The film was shot in Srinagar, Amritsar and Delhi, where Kaul had set up Training and Rehabilitation Centre for the Blind in 1967. Today, the All India Conference of the Blind, which he founded, helps run a modern school for visually impaired children, an audio library besides Braille equipment, banking and pension for the elderly.

The 30-minute documentary took a year to complete. The reasons for the long gestation period are attributed to dearth of finance and the challenges in working with a visually impaired person.

“The biggest challenge was to find a financier. The second challenge involved interacting and understanding the life and struggle of a visually impaired man, and managing visually impaired individuals during the filming process. For me as a director, it was the first time I was tackling a subject around disability. In the past, I have worked extensively with social issues,” says Jan.

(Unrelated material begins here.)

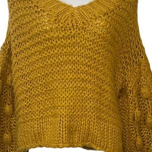-Features: V-neck, Drop shoulders, Bobble knit, Oversized fit, Cottage-core, Cropped silhouette

Of course, it did not help that Kaul, the protagonist of the film, was based in Delhi. “Kaul sahab’s work is spread across India. So I had to cover other locations too. I shot the film in phases rather than at one go,” he adds.

The film, produced by National Film Development Corporation, Mumbai, has been selected for the 16th International Documentary Film Festival of Kerala, in the short documentary focus section.

The festival opens on July 21. For Jan, it is a homecoming of sorts. His film, Daughters of Paradise , had also been at the Kerala Film Festival in 2018.